(TASK INSTRUCTIONS):
For the data that follows, print the line with "健康服务行业产业链区域热力地图:主要分布在山东和广东", the line with "新起点网吧工具是一款专为网吧", and all lines between them, exactly as they stand. Omit pictures and add nothing.

DATA LISTING Start Marker

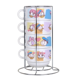 Jogo de 4 xícaras com suporte - Margarida e Donald
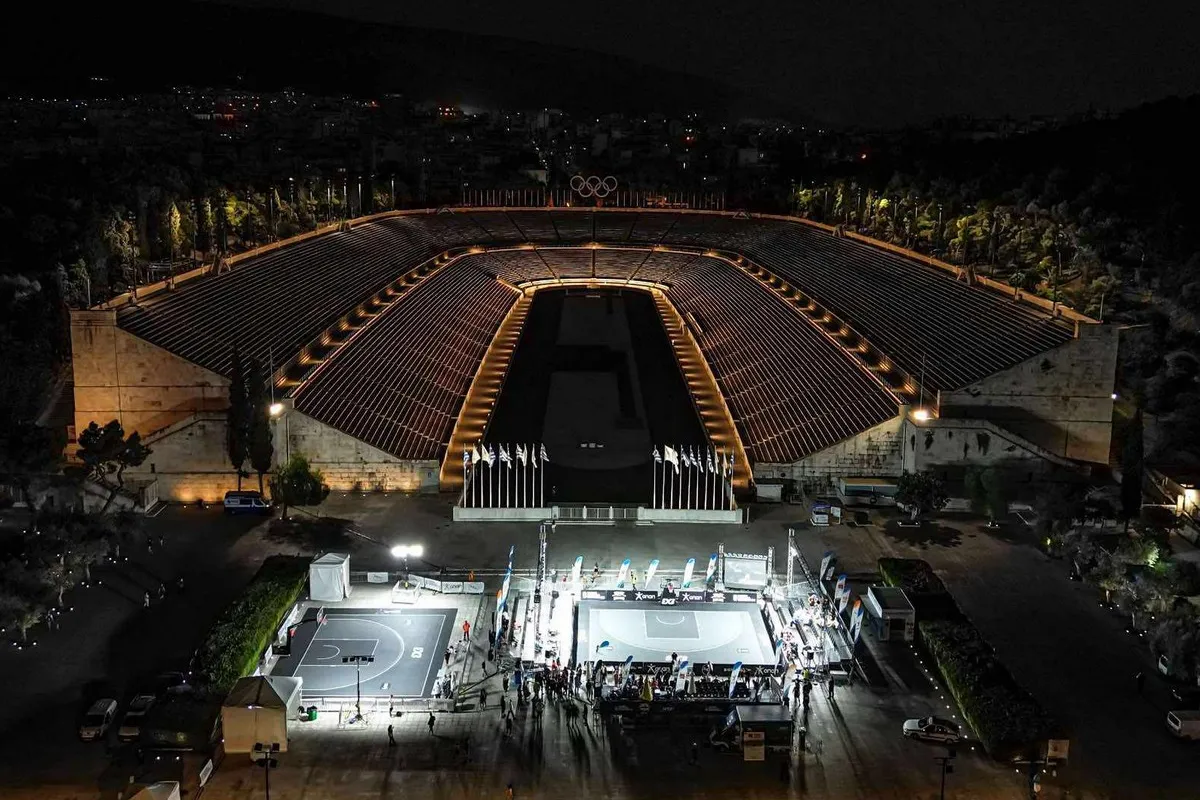 Η φαντασμαγορική εικόνα του φωτισμένου Παναθηναϊκού Σταδίου από την πρώτη μέρα των τελικών του 3×3 Master Series ΟΠΑΠ
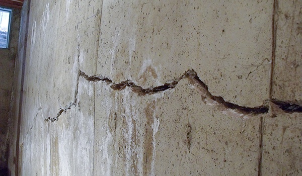Common signs of a foundation wall problem include stair step cracking, inward tilting, and bowing or buckling.
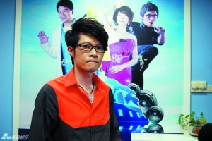 湖南卫视的爆料人“舞美师”前日在浙江卫视《我是大评委》之“麦霸英雄汇”直播露面,首次现出真容(下图)。让人大跌眼镜的是,一直以“舞美妹妹”自居、并且用广东台主持人赵荣的照片作为头像的舞美师,居然是一名卷发、戴眼镜的年轻男子。
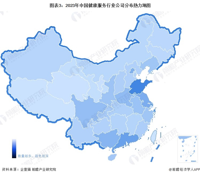 健康服务行业产业链区域热力地图:主要分布在山东和广东
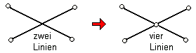 | Wenn Linien sich schneiden, muss im Schnittpunkt der Linien ein Punkt erzeugt werden, mit dem die vier verbleibenden Linienenden verknüpft werden. |
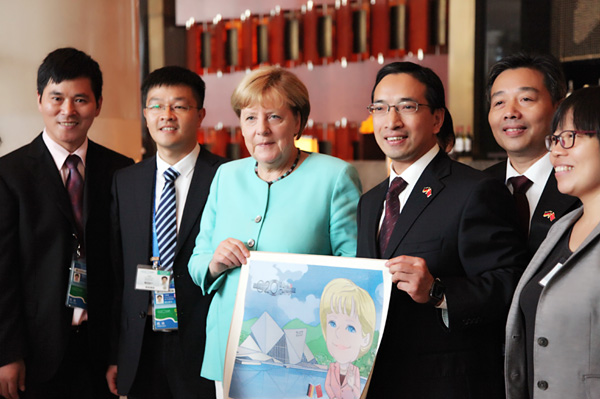 (2016年9月4日,德国总理默克尔接见申搏G20峰会接待小组)
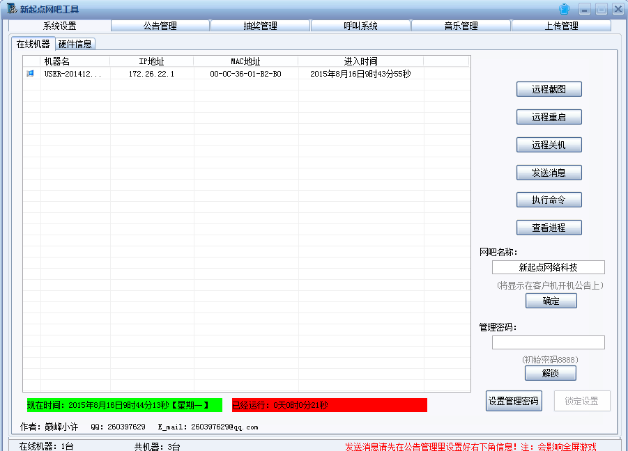 新起点网吧工具是一款专为网吧管理员推出的智能网吧管理系统,这款最新的新起点网吧工具操作简单,功能强大,功能包括呼叫网管、呼叫服务员、技术员等,同时还有抽奖系统、歌曲上传系统、网吧公告等,总之是一款非常不错的网吧管理工具!
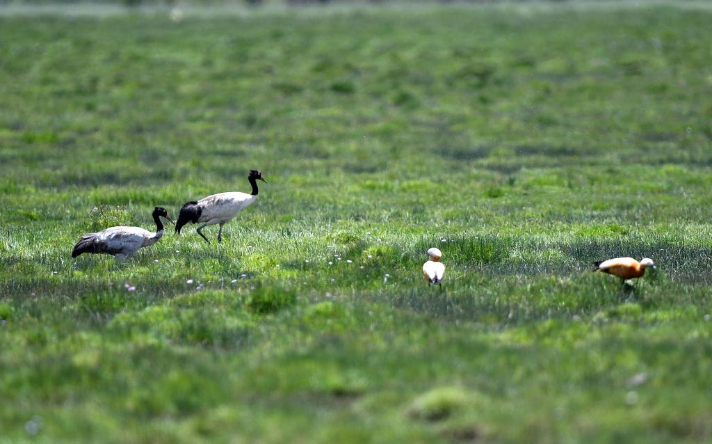 “黑頸鶴和斑頭雁數(shù)量現(xiàn)在肉眼可見地增多了?!辈湃实┲苷f,草長得好,濕地面積不斷擴(kuò)大,來到這里的鳥類才會(huì)不斷增加。
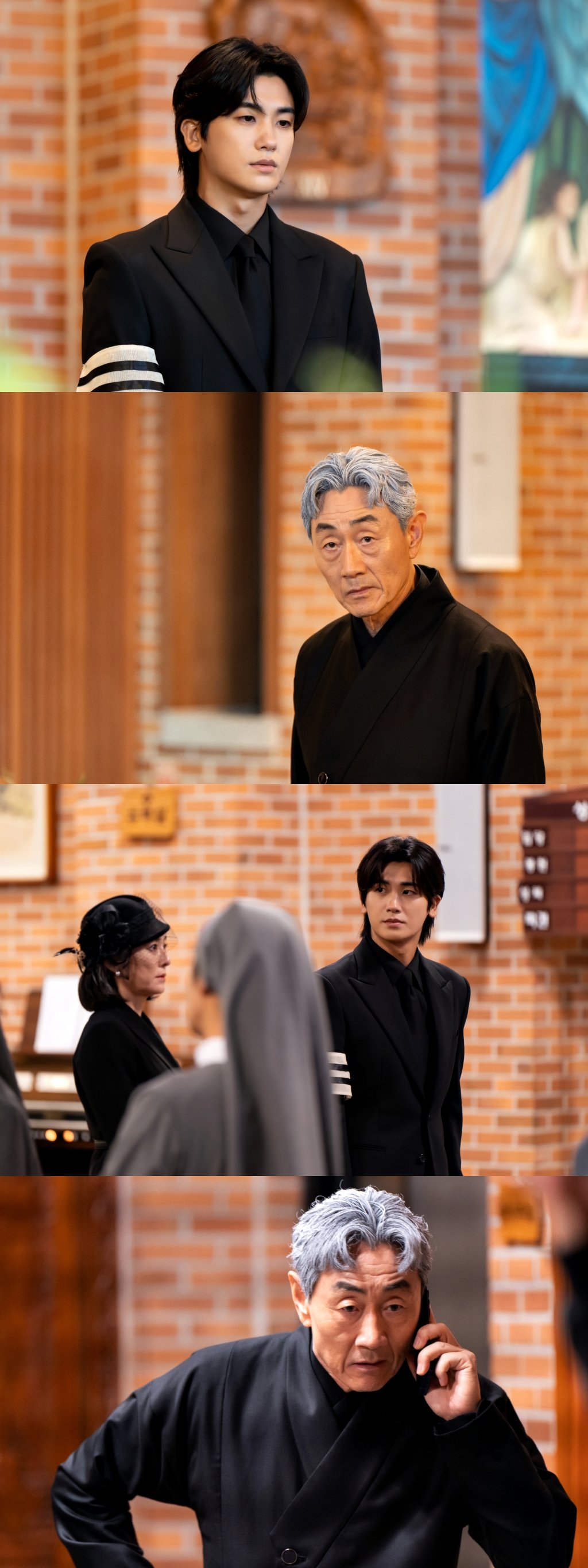 이런 가운데 3월 14일 ‘보물섬’ 제작진이 장례식장에서 마주한 서동주와 염장선의 모습을 공개했다. 사진 속 서동주는 상주로서 장례식 현장을 지키고 있다. 넋이 나간 듯 공허하고 허탈한 서동주의 표정이 안타까움을 자아낸다. 이어 장례식장에 모습을 드러낸 염장선은 여전히 의심 가득한 눈초리로 서동주를 관찰하고 있다. 서동주가 기억을 찾았는지 확인하고 싶은 것으로 보인다.
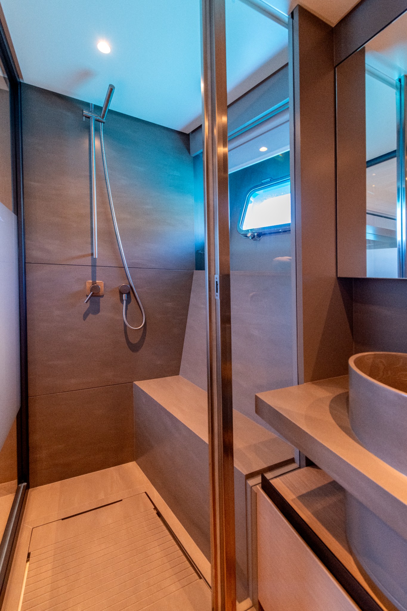 Fresh water electric WC, wooden floor, storage cabinet, sink and shower
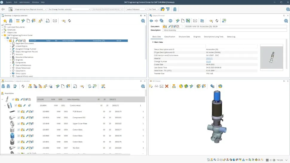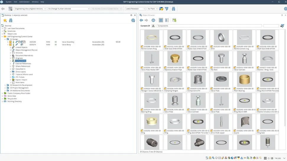 With SAP Engineering Control Center, you can integrate business data from SAP software with design information from authoring systems for mechanical computer-aided design (MCAD) and electrical and electronic computer-aided design (ECAD) software and other simulation tools.

DATA LISTING End Marker

(ANSWER):
 健康服务行业产业链区域热力地图:主要分布在山东和广东
 | Wenn Linien sich schneiden, muss im Schnittpunkt der Linien ein Punkt erzeugt werden, mit dem die vier verbleibenden Linienenden verknüpft werden. |
 (2016年9月4日,德国总理默克尔接见申搏G20峰会接待小组)
 新起点网吧工具是一款专为网吧管理员推出的智能网吧管理系统,这款最新的新起点网吧工具操作简单,功能强大,功能包括呼叫网管、呼叫服务员、技术员等,同时还有抽奖系统、歌曲上传系统、网吧公告等,总之是一款非常不错的网吧管理工具!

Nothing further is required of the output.